Настроение захватывало дух. Я предвкушал что-то особенное в этот новый год. Мы готовили вкусности, наводили порядки, украшали квартиру. В тот день звонили все, друзья, знакомые. Старый друг предлагал вместе отпраздновать.
– Бери девушку свою. Столько не виделись! Отметим нормально.
Я соглашался, но нарушить планов не мог. Вежливо и убедительно отклонил предложение.

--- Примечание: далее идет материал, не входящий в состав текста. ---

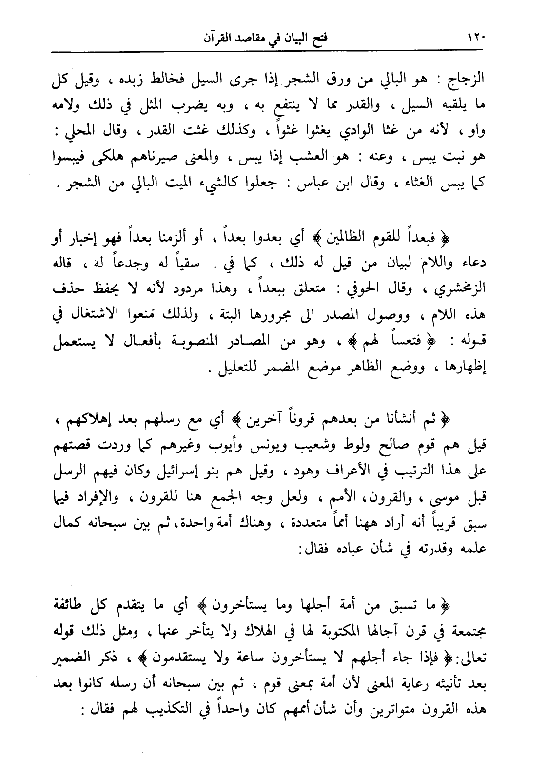 (ما تسبق من أمة أجلها وما يستأخرون) أي ما يتقدم كل طائفة مجتمعة في قرن آجالها المكتوبة لها في الهلاك ولا يتأخر عنها، ومثل ذلك قوله تعالى: (فإذا جاء أجلهم لا يستأخرون ساعة ولا يستقدمون)، ذكر الضمير بعد تأنيثه رعاية المعنى لأن أمة بمعنى قوم، ثم بين سبحانه أن رسله كانوا بعد هذه القرون متواترين وأن شأن أممهم كان واحداً في التكذيب لهم فقال:

В спешке полетел наряжать тридцать третий. Там я и надеялся встретить свой лучший новый год. Я достал все, чем можно было хоть как-то украсить однокомнатную квартиру. Снежинки из белой бумаги, которые мы клеили пару лет назад с другой соседкой. Гирлянда оживила комнату разноцветными огоньками, согревала обстановку и погружала в детство. Золотая салфетка легла на журнальный столик, придавая богатый вид. Подсвечник, как трезубец стал в центре стола, поблескивая позолоченной эмалью. Фрукты и бутылка шампанского были единственным достоинством праздничного стола. Гнездышко готово.

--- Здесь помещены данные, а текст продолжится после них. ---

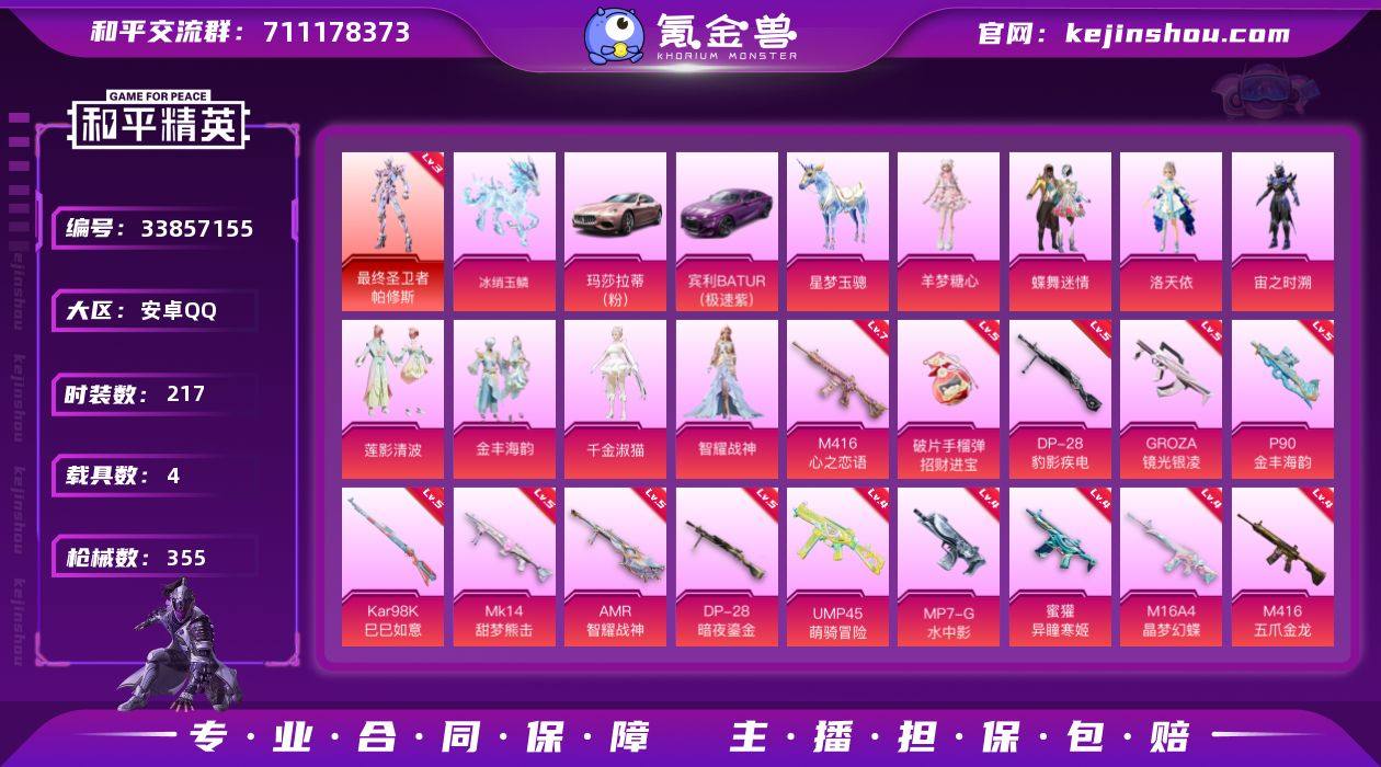 【LHPX2265】扭蛋碎片3261 【特价出售/店主推荐】安卓 手Q-1神装-8粉装-20特效枪-4载具-9粉色飞行器-113844热力值-19王牌印记-217套装-355枪皮【红色神装等级】:最终圣卫者-帕修斯(三级)【热门品类】:套装-浪漫天命,套装-小丑鱼,套装-龟仙人,套装-暗影哥特,角色-8号机,角色-Mark.06【粉色套装】:粉装-蝶舞迷情,角色-洛天依,角色-宙之时溯,粉装-莲影清波,粉装-金丰海韵,角色-千金淑猫,角色-智耀战神,角色-羊梦糖心【粉色枪皮等级】:AKM-幽焰骑士(三级),M16A4-晶梦幻蝶(四级),M416-五爪金龙(四级),M416-心之恋语(七级),GROZA-镜光银凌(五级),蜜獾-异瞳寒姬(四级),UMP45-萌骑冒险(四级),Vector-最终圣卫者(三级),MP7-G-水中影(四级),P90-金丰海韵(五级),Kar98K-巳巳如意(五级),M24-镜域双华(三级),Mk14-甜梦熊击(五级),Mk14-福马献瑞(三级),AMR-智耀战神(五级),DP-28-暗夜鎏金(五级),DP-28-豹影疾电(五级),MG3-洛神天依(四级),MG-36-幻彩电音(四级),破片手榴弹-招财进宝(五级)【粉色载具】:玛莎拉蒂Ghibli(粉),宾利BATUR(极速紫),星梦玉骢,冰绡玉鳞【粉色枪皮】:AKM-幽焰骑士,M16A4-晶梦幻蝶,M416-五爪金龙,M416-心之恋语,GROZA...

Прошлый новый год прошел буквально в заточении. Армейский вариант не самый лучший, зато памятный. Было вкусно, но грустно!
Еще один друг настаивал на совместном праздновании. Который год не можем собраться? С ними конечно веселее, море алкоголя и задора, но у меня есть уставшая Катя, которой я обязан уделить время.
Еще недавно «Я хотел», а сейчас уже «обязан».
К вечеру все было готово. Жгучее предвкушение праздника поедало изнутри. Я расхаживал по квартире в суетном ожидании. Звонок мобильного разрушил круговорот мыслей. Я встрепенулся и поднял трубку.
– Да, радость моя, – улыбаясь, приветствовал.
– Приветик. Как ты там?
– Замечательно. Жду, когда освободишься. Не терпится увидеть тебя.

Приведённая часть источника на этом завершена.